Jaksa berujar, mulanya Tommy diminta Djoko untuk melihat status red notice terhadap namanya di Indonesia.
Sebab, Djoko mendapat informasi bahwa Interpol Red Notice atas nama dirinya sudah dibuka oleh Interpol Pusat di Lyon, Perancis.
"Agar Djoko Soegiarto Tjandra dapat masuk ke Indonesia, maka Djoko Soegiarto Tjandra bersedia memberikan uang sebesar Rp 10 miliar melalui H Tommy Sumardi untuk diberikan kepada pihak-pihak yang turut mengurus kepentingan Djoko Soegiarto Tjandra masuk ke Indonesia terutama kepada pejabat di NCB Interpol Indonesia pada Divisi Hubungan Internasional Polri," ucap jaksa saat membacakan surat dakwaan terhadap Napoleon di Pengadilan Tipikor Jakarta, Senin (2/11/2020).
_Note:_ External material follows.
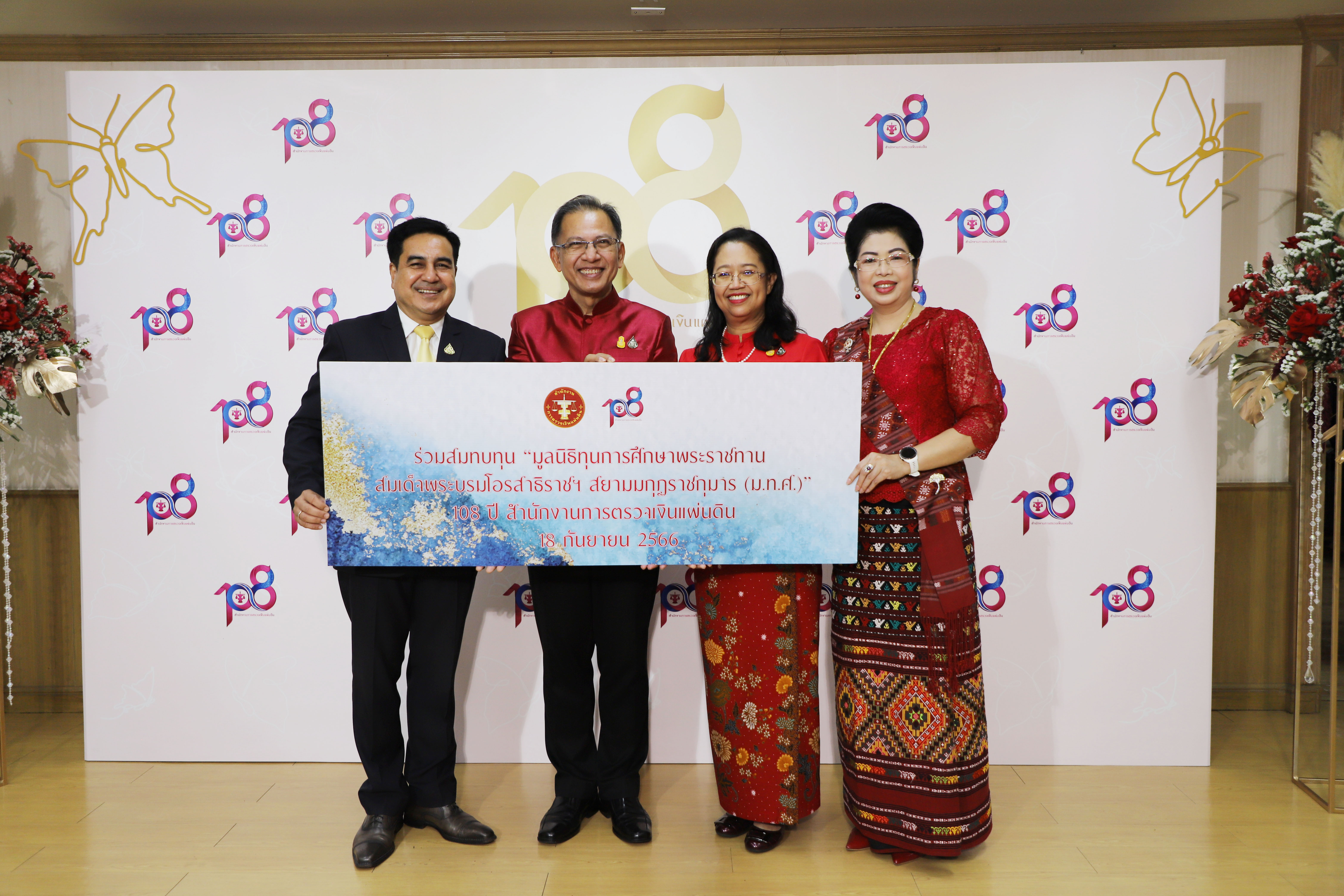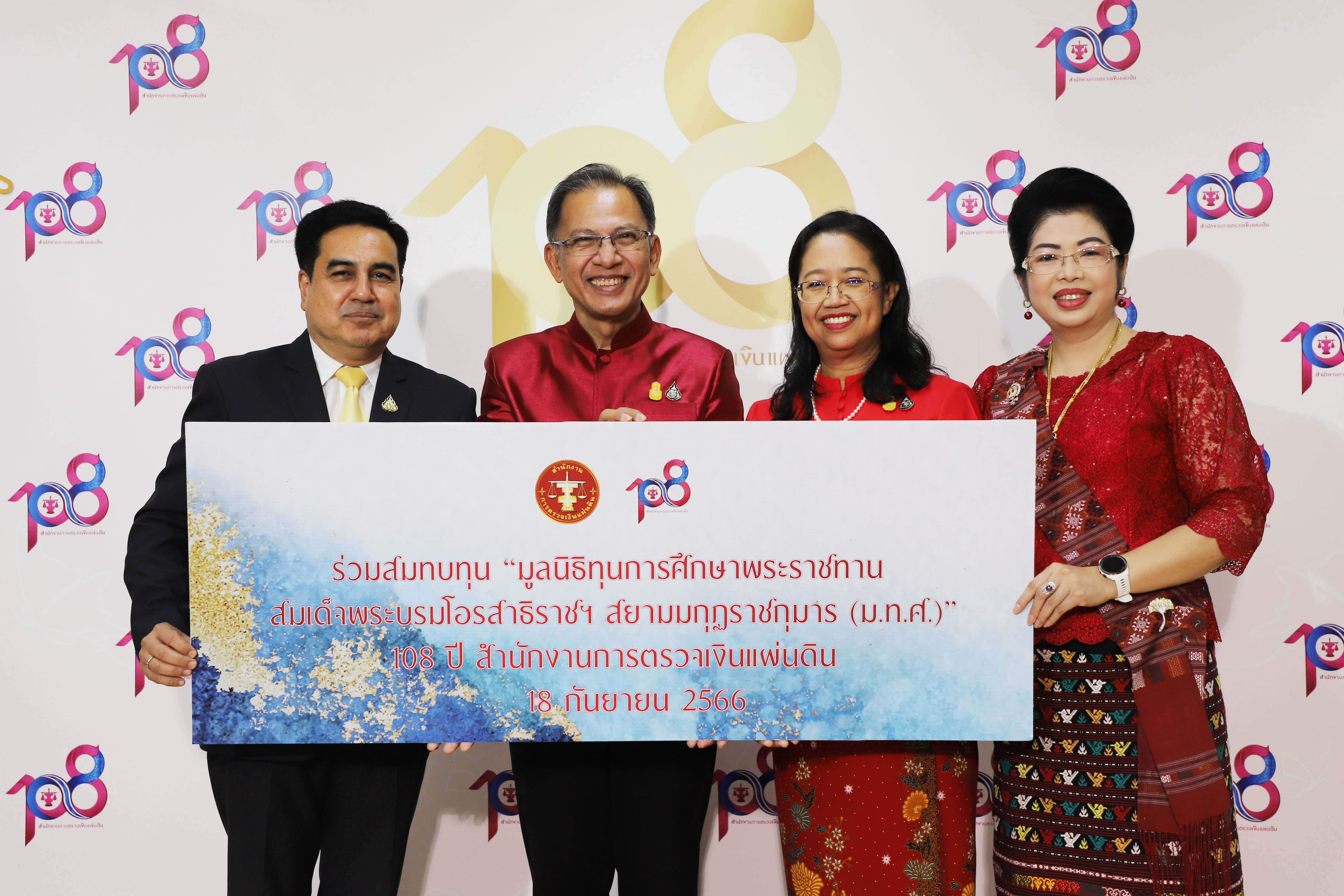 วันที่ 18 กันยายน 2566 นายบุญชอบ สุทธมนัสวงษ์ ปลัดกระทรวงแรงงาน มอบหมายให้ นายนันทชัย ปัญญาสุรฤทธิ์ ผู้ตรวจราชการกระทรวงแรงงาน ร่วมเป็นเกียรติเนื่องในโอกาสวันคล้ายวันสถาปนาสำนักงานการตรวจเงินแผ่นดินครบรอบ 108 ปี พร้อมร่วมสมทบทุน “มูลนิธิทุนการศึกษาพระราชทาน สมเด็จพระบรมโอรสาธิราชฯ สยามมกุฎราชกุมาร (ม.ท.ศ.) ณ ห้องวรพากษ์พินิจ อาคาร 2 ชั้น 3 สานักงานการตรวจเงินแผ่นดิน

Tommy Lalu meminta bantuan kepada eks Kabiro Koordinasi dan Pengawasan Penyidik Pegawai Negeri Sipil Badan Reserse Kriminal Kepolisian Brigjen Prasetijo Utomo di kantornya.
Lantas Tommy meminta Prasetijo untuk dapat memeriksa status Interpol Red Notice Djoko.
Lalu, Prasetijo mengenalkan Tommy Sumardi kepada Napoleon selaku Kadiv Hubinter Polri saat itu.
Baca juga: Irjen Napoleon Didakwa Terima Suap USD270 Ribu dan SGD200 Ribu dari Djoko Tjandra
Pada 16 April 2020, Tommy Sumardi dengan membawa paper bag warna merah tua tiba di ruangan Napoleon di ruangannya di Gedung TNCC Mabes Polri.
Dalam dakwaan ini, jaksa tidak memaparkan lebih lanjut isi paper bag tersebut.
Namun demikian, Tommy menanyakan kepada Napoleon ihwal status interpol Red Notice Djoko.
Lalu, Napoleon mengaku akan memeriksanya dan meminta Tommy untuk datang kembali keesokan harinya.
Keesokan harinya, Tommy bersama Prasetijo menemui Napoleon Bonaparte di ruangan Kadiv Hubinter Polri.
Dalam pertemuan tersebut Napoleon menyampaikan bahwa Red Notice Djoko bisa dibuka, karena kantor pusat Interpol di Lyon yang membuka.